▶ **BRIEF**
Using the data below, restate exactly every line from the one with "顏色 | 米色,紅色,黑色 |" up to and including the one with "Vendo seggiolino auto". No picture belongs in it.

[Items listed in a dataset]
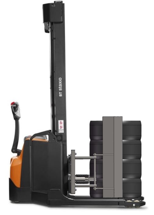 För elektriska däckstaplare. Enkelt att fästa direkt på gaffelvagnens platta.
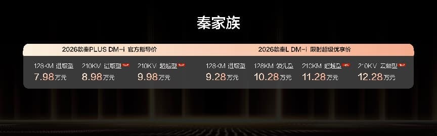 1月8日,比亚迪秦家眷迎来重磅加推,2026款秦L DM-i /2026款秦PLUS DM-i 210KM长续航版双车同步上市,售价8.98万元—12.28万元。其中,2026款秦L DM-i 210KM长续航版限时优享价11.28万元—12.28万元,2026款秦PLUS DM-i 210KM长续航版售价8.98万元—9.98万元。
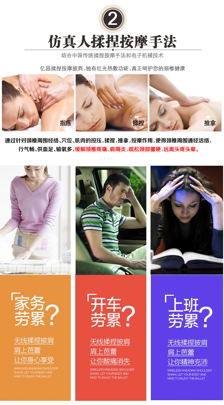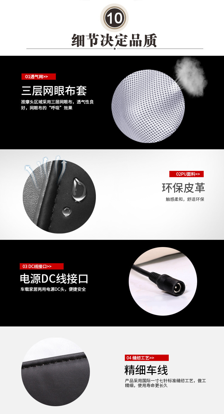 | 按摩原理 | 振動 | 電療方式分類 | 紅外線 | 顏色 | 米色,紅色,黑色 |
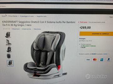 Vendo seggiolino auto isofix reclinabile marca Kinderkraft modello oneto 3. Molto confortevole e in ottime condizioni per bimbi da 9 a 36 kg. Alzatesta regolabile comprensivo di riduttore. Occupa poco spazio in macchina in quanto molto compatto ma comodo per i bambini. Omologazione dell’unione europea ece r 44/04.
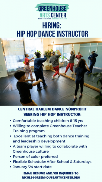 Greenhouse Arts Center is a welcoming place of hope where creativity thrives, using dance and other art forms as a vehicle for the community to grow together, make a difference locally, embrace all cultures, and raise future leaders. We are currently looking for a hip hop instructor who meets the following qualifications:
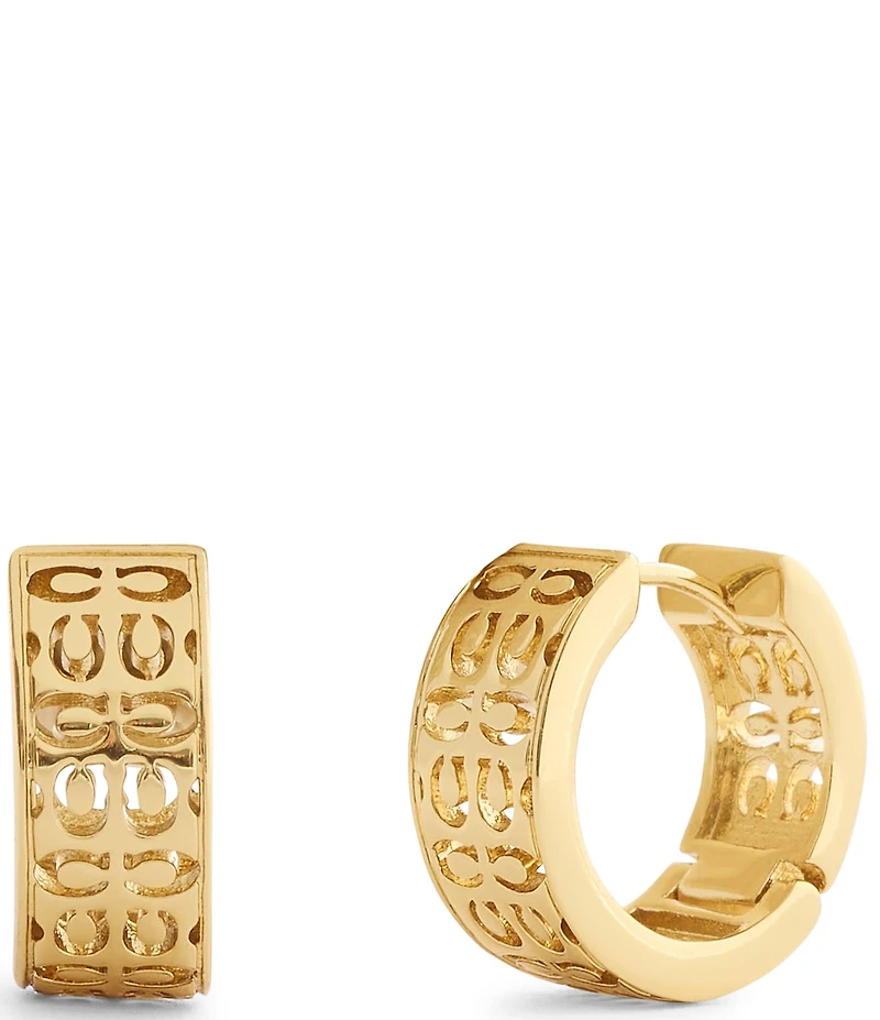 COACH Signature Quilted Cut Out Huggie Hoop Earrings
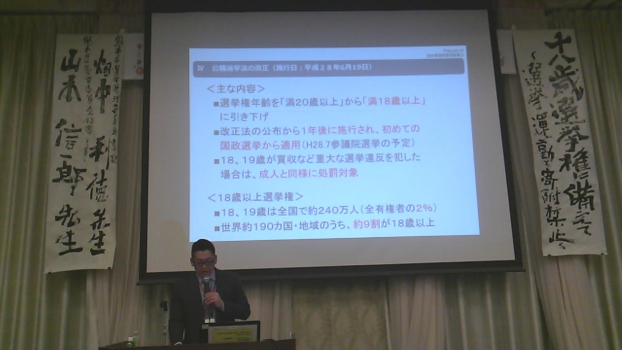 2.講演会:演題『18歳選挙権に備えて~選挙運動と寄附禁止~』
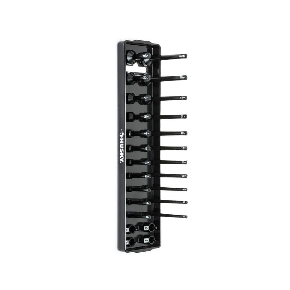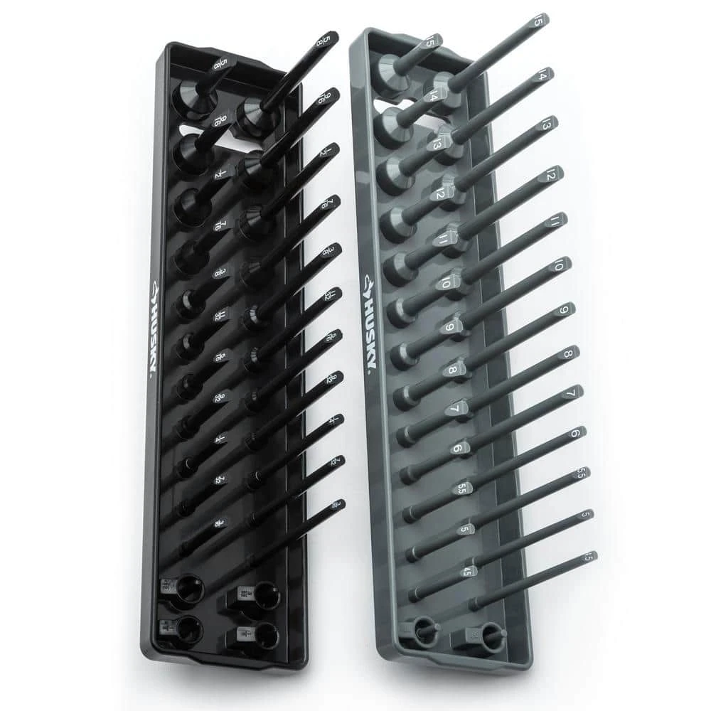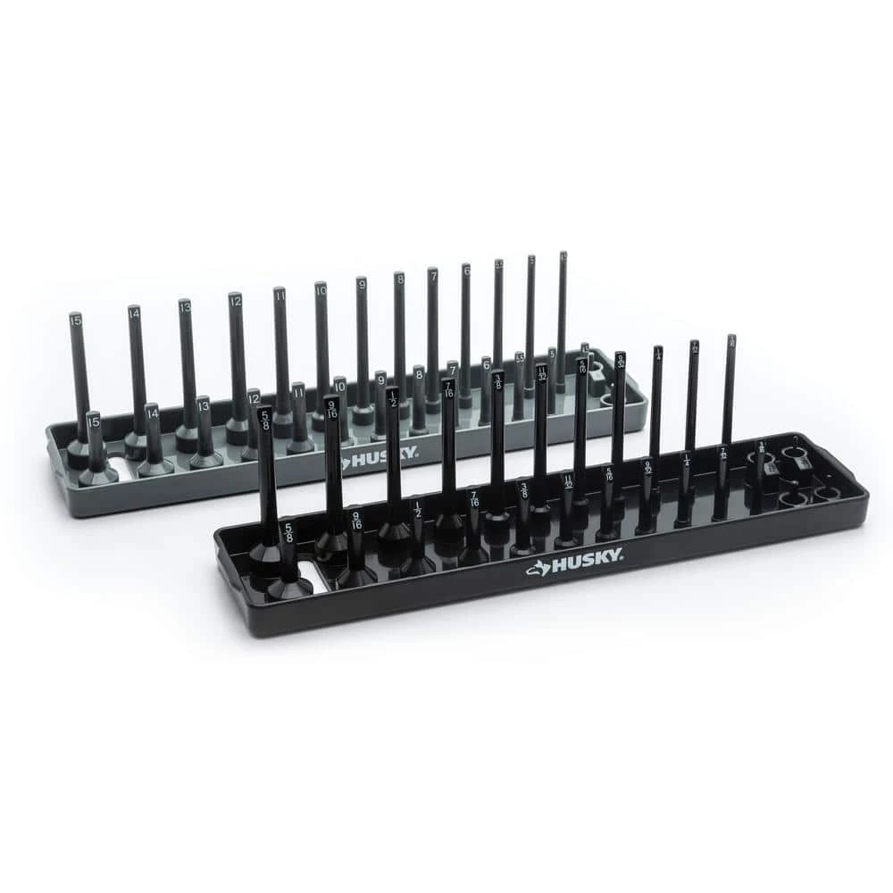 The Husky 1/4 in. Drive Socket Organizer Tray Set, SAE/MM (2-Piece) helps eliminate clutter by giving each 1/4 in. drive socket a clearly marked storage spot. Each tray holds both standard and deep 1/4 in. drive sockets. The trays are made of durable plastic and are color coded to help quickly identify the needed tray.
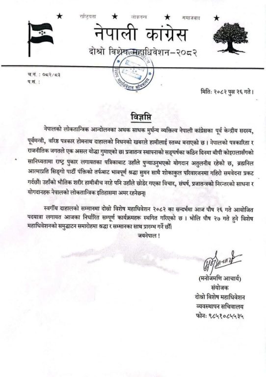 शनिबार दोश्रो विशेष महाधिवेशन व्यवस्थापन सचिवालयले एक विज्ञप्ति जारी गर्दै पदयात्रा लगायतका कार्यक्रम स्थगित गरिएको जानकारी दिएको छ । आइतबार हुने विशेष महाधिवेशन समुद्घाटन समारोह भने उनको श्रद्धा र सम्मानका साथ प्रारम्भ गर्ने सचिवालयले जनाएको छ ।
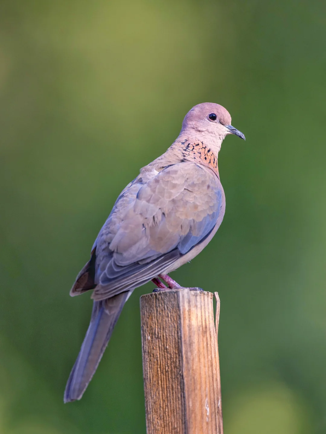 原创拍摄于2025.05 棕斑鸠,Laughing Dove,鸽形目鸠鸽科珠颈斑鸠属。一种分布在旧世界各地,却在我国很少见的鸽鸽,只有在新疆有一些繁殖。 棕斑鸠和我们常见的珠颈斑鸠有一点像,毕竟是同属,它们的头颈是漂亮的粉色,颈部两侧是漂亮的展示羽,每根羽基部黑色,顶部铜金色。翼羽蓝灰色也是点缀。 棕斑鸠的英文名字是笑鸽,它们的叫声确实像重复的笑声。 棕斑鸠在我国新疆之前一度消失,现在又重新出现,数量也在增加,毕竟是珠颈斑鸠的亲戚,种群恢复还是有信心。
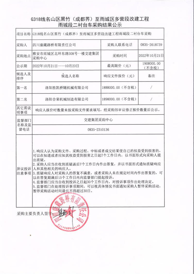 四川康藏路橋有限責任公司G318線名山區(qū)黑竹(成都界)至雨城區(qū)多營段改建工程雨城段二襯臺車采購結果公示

▶ **ANSWER BELOW**
 | 按摩原理 | 振動 | 電療方式分類 | 紅外線 | 顏色 | 米色,紅色,黑色 |
 Vendo seggiolino auto isofix reclinabile marca Kinderkraft modello oneto 3. Molto confortevole e in ottime condizioni per bimbi da 9 a 36 kg. Alzatesta regolabile comprensivo di riduttore. Occupa poco spazio in macchina in quanto molto compatto ma comodo per i bambini. Omologazione dell’unione europea ece r 44/04.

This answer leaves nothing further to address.